Little relief came in the form of a better than expected unemployment claims figure with a print of 229,000.
Later tonight (1900 BST) President Trump is expected to name Jerome Powell as the next head of the Federal Reserve, concluding a month long process in which he considered 5 potentials.
Looking ahead for the rest of the week, all eyes will turn to Friday's non-farm payroll figure to gauge some direction for the US labour market.
Over in Europe, figures out on Thursday morning showed that manufacturing expanded more than expected in Spain, Italy and Germany with PMI readings of 55.8, 57.8 and 60.6 respectively.
These figures went some way to help bolster the single currency in the morning and the momentum carried on till the late afternoon, with a little help from a weaker dollar, with EUR/USD trading 0.43% firmer to 1.1673.
Against the pound, the euro soared with GBP/EUR trading 1.78% lower to 1.1197, thanks mostly to the heavy sterling sell off.
Over in Asia, the Japanese yen managed to gain some ground against it's US counterpart with USD/JPY trading 0.1% lower to 114.02.
Japanese Finance Minister Taro Aso hailed on Thursday the achievements of central bank governor Haruhiko Kuroda, noting that the yen's overall weakening as a result of monetary easing has helped boost exports and employment.
"Coordination between fiscal and monetary policies has worked well," Aso told reporters after a cabinet meeting when asked his view on the central bank governor, whose five-year term ends in April.

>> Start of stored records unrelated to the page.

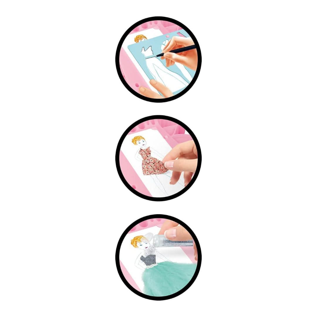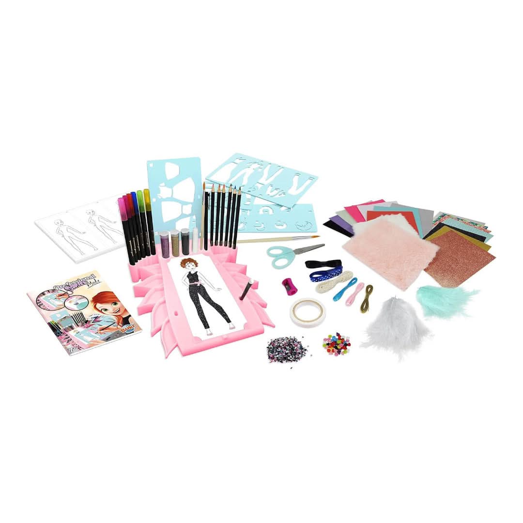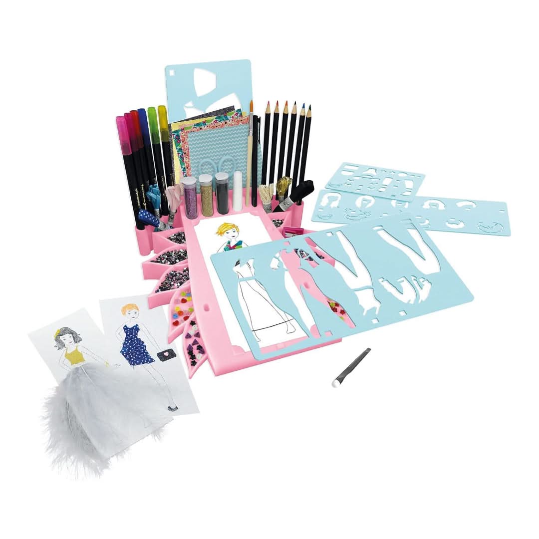 FASHION DESIGNER KIT – A lot of original accessories to design trendy outfits: 1 design studio, 4 stencils, self-adhesive fabrics (cotton, fur, glitter, imitation leather…), double-ended felt-tip pens, watercolour pencils, glitters, feathers, ribbons…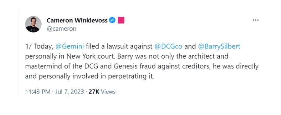 카메론 윙클보스 제미니 공동 창업자가 트위터를 통해 오늘 제미니는 디지털커런시그룹(DCG)과 배리 실버트(Barry Silbert) DCG CEO를 상대로 소송을 제기했다고 밝혔습니다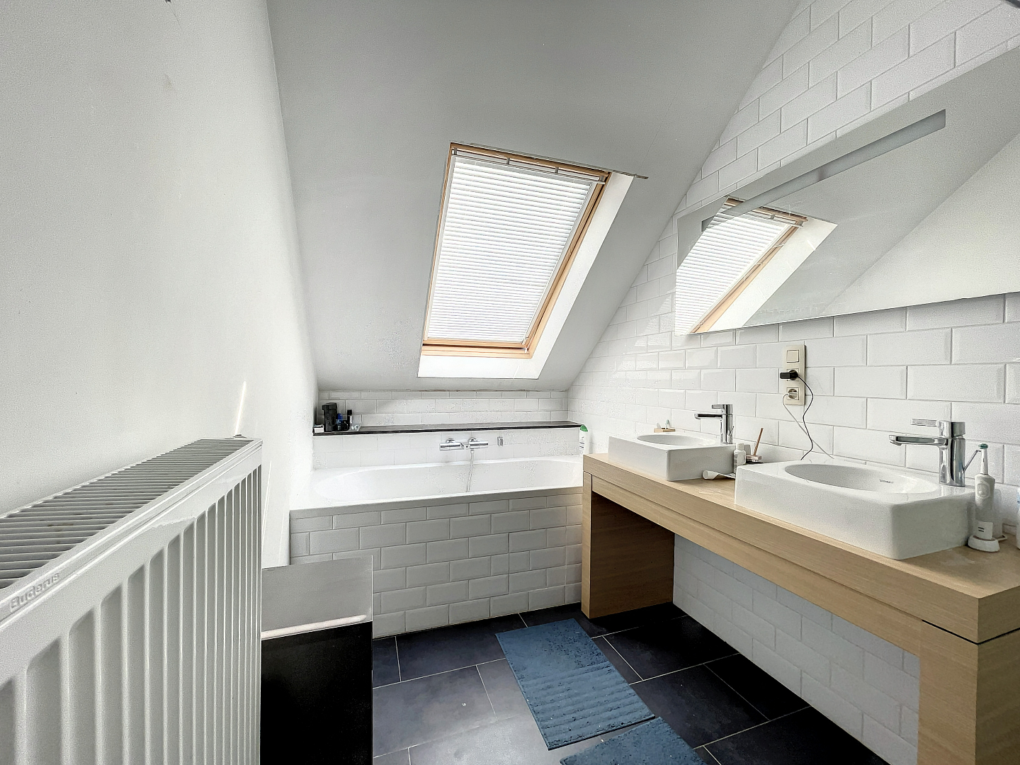 On the third floor there are three bedrooms, a separate toilet and a bathroom with double sink, shower and bath.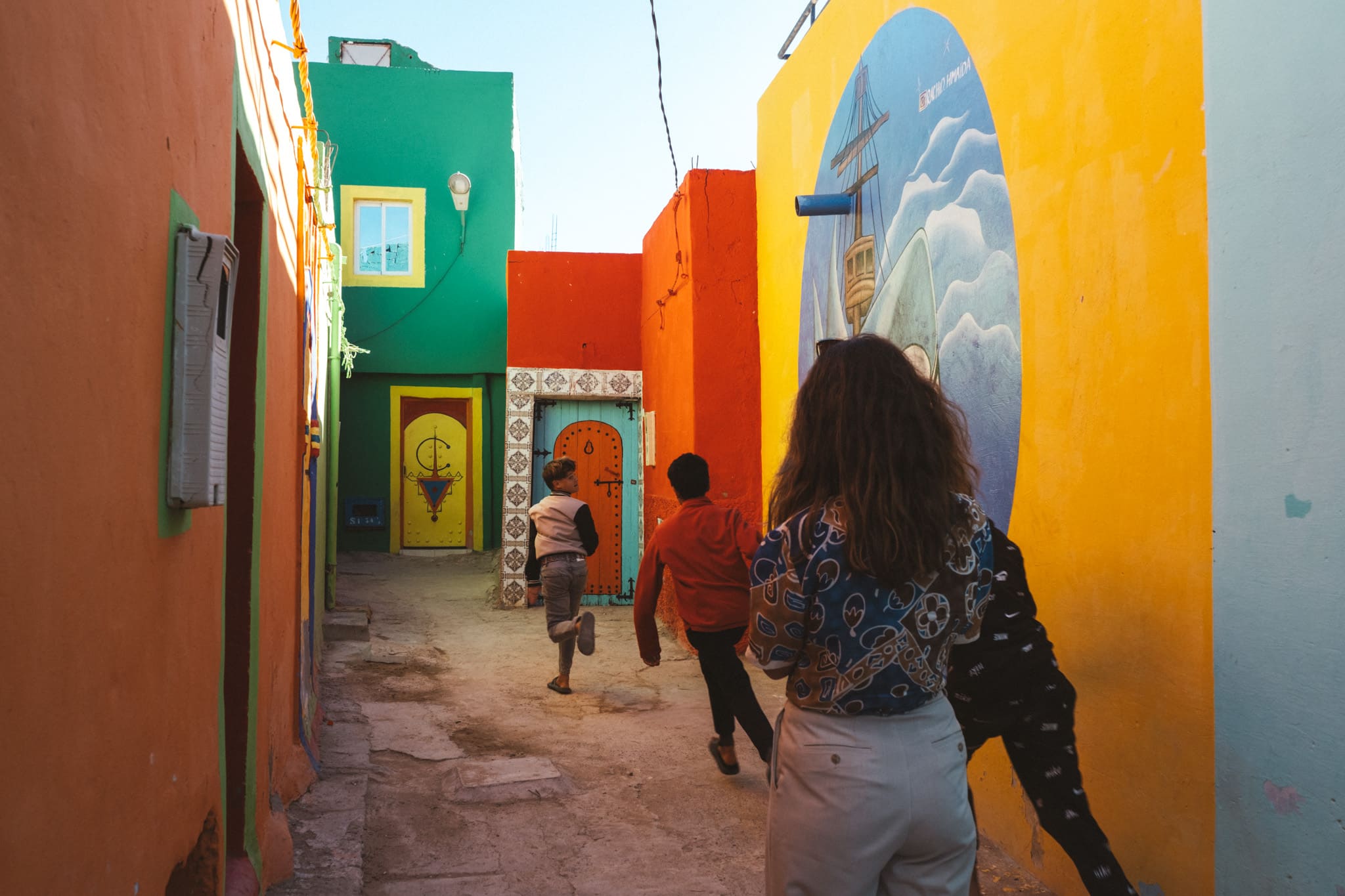 A seulement 12 minutes en voiture de Taghazout au Maroc se trouve le petit village coloré d’Aghroud. Nous sommes tombés dessus par hasard en venant d’Imsouane et avons décidé de nous arrêter, tentés par ces jolies maisons colorées. Personne dans le village, à peine quelques enfants qui jouent dans les ruelles. En même temps, cette station balnéaire attire les marocains mais principalement en été, pas en hiver.

The Cabinet Office released the consumer confidence figure showing an uptick to 44.5, beating expectations on 43.6.
"Considering upbeat business sentiment, we expect firms' capital investment will stay firm in the second half of this fiscal year," said Yuichiro Nagai, economist at Barclays Securities Japan.
The Australian dollar was helped higher by a better than expected trade balance figure of AUD1.75 billion as well as an expectation beating buildings approval figure of 1.5%.
This helped AUD/USD move 0.51% higher on the day to 0.7716, helping it up from the lows in the 0.7662 area, where it has been floating for the last 6 days.
In a note to clients, analysts at NAB said, "Our model of the economy calls for a 0.9 percent rise in GDP for Q3, taking annual growth up from 1.8 percent to 3.2 percent."